Just when found footage horror was beginning to look as obsolete as the grainy VHS that characterised its aesthetic, along came internet culture to jump start the tired old beast. What the prevalence of live streaming has brought to the sub-genre is a sense of immediacy, of being a participant – or perhaps just being complicit – in the events taking place. Earlier found footage films by contrast were normally positioned as documents or artifacts; The Blair Witch Project being the most celebrated example. There has been a deluge of these films in the last few years – for better or worse depending on your tolerance – like Host, Dashcam, and Spree, with elements finding their way into the likes of Bodies Bodies Bodies and the excellent Sissy.

Joseph and Vanessa Winter‘s Deadstream takes the format and pours it into an entertaining Evil Dead II-style slapstick haunted house movie. It doesn’t threaten to match that classic, but there’s a jittery energy and committed central performance that work in tandem with a fully convincing evocation of the livestreamed experience.

Shawn Ruddy (co-director Joseph Winter) is an internet celebrity known for carrying out various dumb pranks, framed as a series of videos where he faces his fears. After being booted off YouTube in disgrace for some unspecified act, he attempts to make a comeback on another format with his most elaborate stream yet. He’s going to spend the night in a haunted house and broadcast the evening live. As a self-confessed coward, once at the house he removes the spark plugs from his car, padlocks the door, and then disposes of the key. All so he can’t just leave and drive away. He sets up cameras all over the house and waits. It’s not long before it’s clear that this attempted comeback is a very bad idea.

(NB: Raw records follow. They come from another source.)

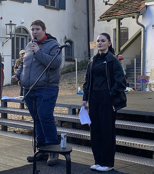Luis Kistler und Melissa Altergott vom Jugendgemeinderat Leutkirch am 27. Januar bei der “Demo gegen Rechts” in Leutkirch.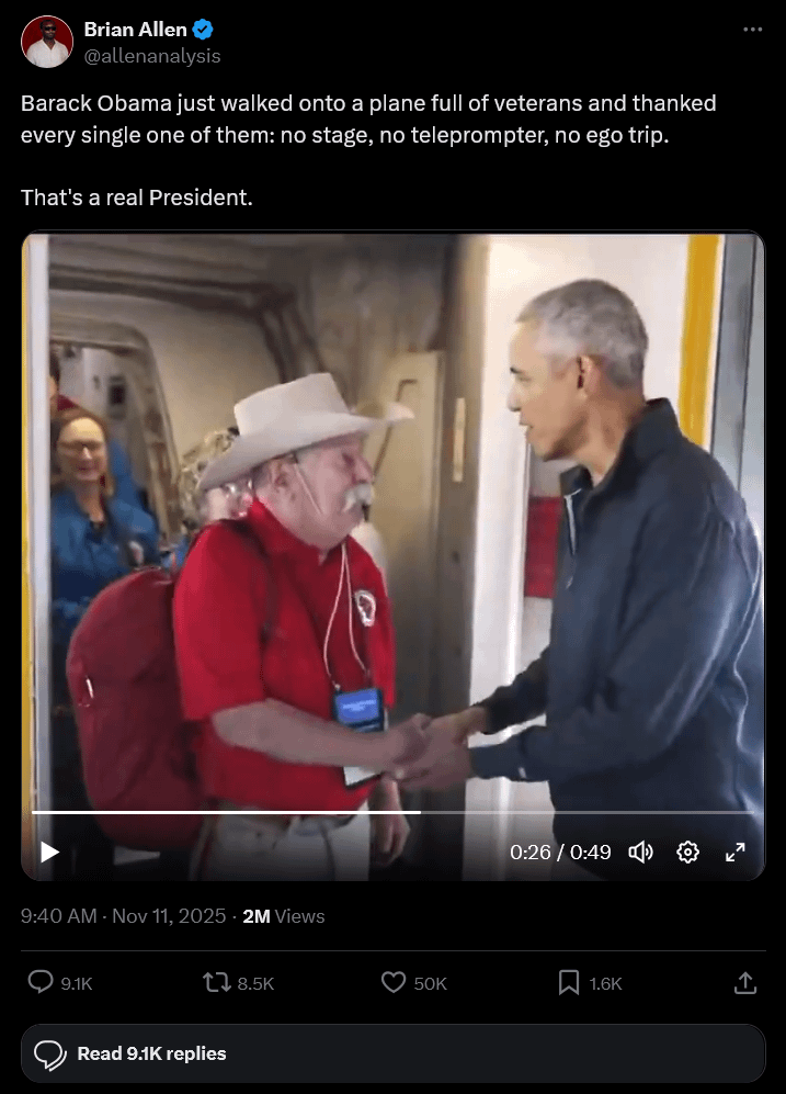 Barack Obama just walked onto a plane full of veterans and thanked every single one of them: no stage, no teleprompter, no ego trip.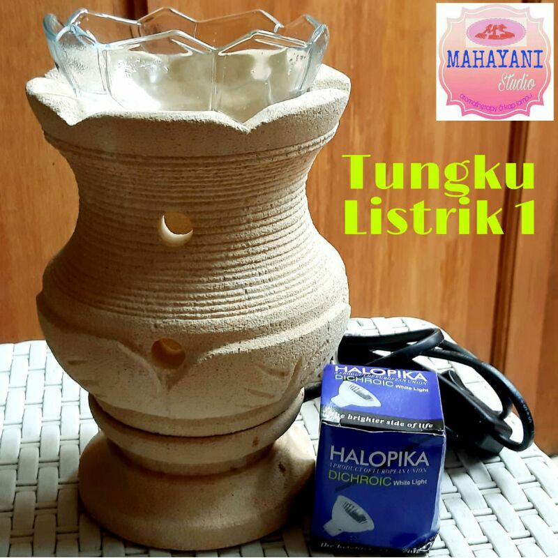 Tungku Aromaterapi Elektrik ; berbahan batu paras dipahat. Berat 1,8 kg. Ukuran : Diameter 13cm x Tinggi total dengan mangkuk 18cm. Menggunakan listrik sebagai pemanasnya dengan lampu halogen 50watt. Mangkuk dari kaca. Colokan listrik stop dan kontak. Kondisi lengkap.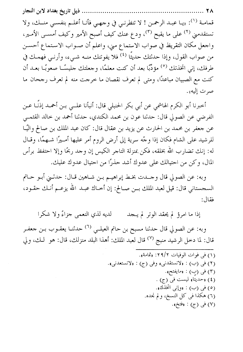 كتب إلى أبو محمد القاسم بن علي بن الحسن الشافعي قال: قرئ علي أبى الوفا حفاظ بن الحسن بن الحسين بن عبد العزيز بن أحمد قال: أنبأنا عبد الوهاب الميداني، أنبأنا أبو سليمان بن زيد، أنبأنا عبد الله بن أحمد بن جعفر، أنبأنا محمد بن جرير الطبري قال: ذكر أحمد [بن إبراهيم] [5] بن إسماعيل أن [6] عبد الملك بن صالح كان له ابن يقال له عبد الرحمن كان من رجال الناس، وكان عبد الملك يكنى به، وكان لابنه عبد الرحمن لسان على فأفأة [7] فيه فنصب [8] لأبيه [9] عبد الملك وقمامة، فسعيا به إلى الرشيد وقالا له إنه يطلب الخلافة ويطمع فيها، فأخذه وحبسه عند الفضل بن الربيع، وقال الرشيد: أما والله لولا الإبقاء [10] على بني هاشم لضربت عنقك. فلم يزل محبوسًا حتى توفي الرشيد، فأطلقه محمد، وعقد له محمد على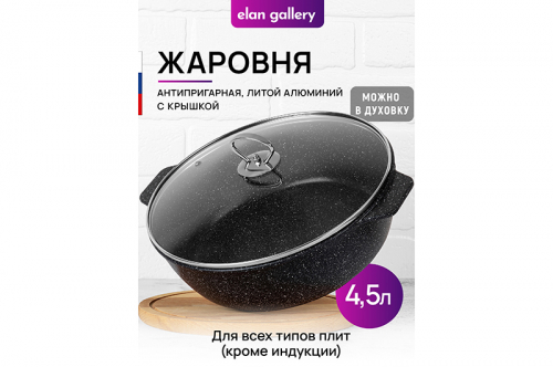 БЫЛО 2680 руб! Жаровня (сотейник) 28 см 4,5 л ГАРМОНИЯ ВКУСА "Черный мрамор" С КРЫШКОЙ ф28, 34*29*15,5 см,д/духовки

A lot of your mileage with Deadstream will rest on your response to the character of Shawn. He’s a largely charmless individual by any metric, and fueled by a misplaced sense of grievance and victimhood for his current status of persona-non-grata. Winter commits utterly to the role – smarmy, self-serving, and wheedling – and a large part of the joy of this increasingly frenetic film is seeing such a clattering arsehole get his just deserts.

Winter the actor is matched by Winter as co-writer and director with the excellent and quite innovative use of the streaming technology. One instance sees Shawn trying to sneak past a spectre that is only visible through the tablet linked to the room’s camera. There’s also a clever use of additional actors playing viewers of the stream, offering periodic ‘expert’ opinion and advice; a neat way of providing exposition without resorting to an info dump. Add some endearingly lo-fi creature effects and a perverse sense of humour entirely at the expense of its hapless anti-hero, and you’ve got rather a grubby, grimy treat.

Deadstream certainly doesn’t reinvent the wheel, but gets some extra mileage from it. The Winters have managed to stamp their own identity on both the found-footage and the haunted house sub-genres.